>>>>

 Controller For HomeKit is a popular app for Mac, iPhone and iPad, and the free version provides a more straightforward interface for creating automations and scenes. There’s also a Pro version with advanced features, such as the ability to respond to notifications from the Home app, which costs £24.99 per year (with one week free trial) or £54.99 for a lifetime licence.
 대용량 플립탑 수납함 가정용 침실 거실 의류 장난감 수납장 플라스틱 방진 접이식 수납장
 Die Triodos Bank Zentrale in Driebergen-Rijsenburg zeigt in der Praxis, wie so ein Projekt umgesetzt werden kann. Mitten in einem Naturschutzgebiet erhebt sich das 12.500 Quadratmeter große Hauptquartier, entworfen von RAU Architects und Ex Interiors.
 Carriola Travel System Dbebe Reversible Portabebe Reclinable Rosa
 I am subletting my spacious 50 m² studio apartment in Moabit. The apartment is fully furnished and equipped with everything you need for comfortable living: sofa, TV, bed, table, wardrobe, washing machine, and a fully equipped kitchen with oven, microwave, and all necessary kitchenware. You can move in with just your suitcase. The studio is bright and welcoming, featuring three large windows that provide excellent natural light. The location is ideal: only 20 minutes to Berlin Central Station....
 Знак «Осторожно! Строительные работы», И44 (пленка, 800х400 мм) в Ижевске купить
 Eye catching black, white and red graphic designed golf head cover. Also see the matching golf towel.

<<<<

* _ABOUT THIS EXERCISE_
Scanning the data above, copy out every line where "with" is found.

* _SOLUTION_
 Controller For HomeKit is a popular app for Mac, iPhone and iPad, and the free version provides a more straightforward interface for creating automations and scenes. There’s also a Pro version with advanced features, such as the ability to respond to notifications from the Home app, which costs £24.99 per year (with one week free trial) or £54.99 for a lifetime licence.
 I am subletting my spacious 50 m² studio apartment in Moabit. The apartment is fully furnished and equipped with everything you need for comfortable living: sofa, TV, bed, table, wardrobe, washing machine, and a fully equipped kitchen with oven, microwave, and all necessary kitchenware. You can move in with just your suitcase. The studio is bright and welcoming, featuring three large windows that provide excellent natural light. The location is ideal: only 20 minutes to Berlin Central Station....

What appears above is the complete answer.